Tous les mouchoirs ont permis de détecter le SARS-CoV-2, et pour deux tiers d'entre eux, de manière plus tranchée que par la RT-PCR (il a fallu moins de cycles à la machine de diagnostic pour détecter le signal du génome viral). Là encore, les test continuent et confirment la tendance.

Alors, fini les écouvillons ?

Les mouchoirs testés ont été pour certains envoyés par courrier, conservés plusieurs jours et jusqu'à 6 mois à température ambiante : le génome viral y est resté détectable.

Ces résultats très prometteurs restent à confirmer par d'autres études qui porteront sur des populations plus larges. Déjà, d'autres équipes ont publié des résultats qui confirment la faisabilité générale de cette approche (détection réussie de virus sur d'anciennes cassettes de tests antigéniques par exemple).

Cette approche a ses limites : les personnes doivent être capables de se moucher correctement, et le travail en laboratoire d'analyse est un peu plus important, puisqu'il faut y réaliser l'extraction, réalisée à domicile dans le cas des écouvillons.

Il reste permis d'imaginer dans un avenir proche un dépistage simplifié des infections à virus respiratoires : si les résultats de l'étude sont confirmés, on pourra se moucher, conditionner le mouchoir en sachet et l'expédier ou le remettre à un laboratoire pour analyse, avec la même fiabilité qu'un écouvillonnage... et sans les inconvénients de cette méthode ressentie comme désagréable, notamment par les enfants.

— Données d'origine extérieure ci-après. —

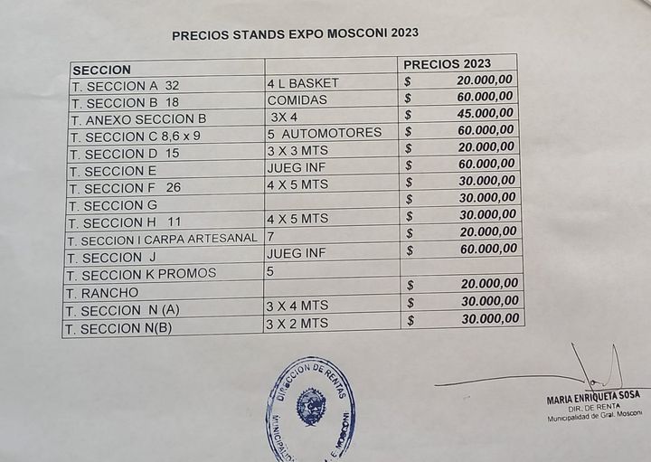 Desde la Dirección de Rentas, su titular Señora Enriqueta Sosa, informa que el próximo lunes 12 de junio comenzará la venta de los stand para la Expo Mosconi 2023.

Mon souhait est que cette étude et mon procédé permettent de réduire la consommation d’antibiotiques dans la population générale. Ce serait mon vœu le plus cher !

Pr. Vincent Thibault

Références

Using Discarded Facial Tissues to Monitor and Diagnose Viral Respiratory Infections
Gisele Lagathu, Claire Grolhier, Juliette Besombes, Anne Maillard, Pauline Comacle, Charlotte Pronier, Vincent Thibault
Emerg Infect Dis. 2023;29(3):511-518 | doi:10.3201/eid2903.221416

Autres articles démontrant la possibilité de détecter des génomes viraux sur des tests antigéniques usagés même après plusieurs mois de stockage :

Nazario-Toole A et al.
    Sequencing SARS-CoV-2 from antigen tests
PLOS ONE. févr 2022;17(2):e0263794.

Macori G et al.
    Inactivation and Recovery of High Quality RNA From Positive SARS-CoV-2 Rapid Antigen Tests Suitable for Whole Virus Genome Sequencing
Frontiers in Public Health. 2022;10.

Martin GE et al. [8 days – real life, self-collected device: 42+/65]
    Maintaining genomic surveillance using whole-genome sequencing of SARS-CoV-2 from rapid antigen test devices.
The Lancet Infectious Diseases. 1 oct 2022;22(10):1417 8.

Rector A et al.
    Sequencing directly from antigen-detection rapid diagnostic tests in Belgium, 2022: a gamechanger in genomic surveillance? Eurosurveillance. 2 mars 2023;28(9):2200618.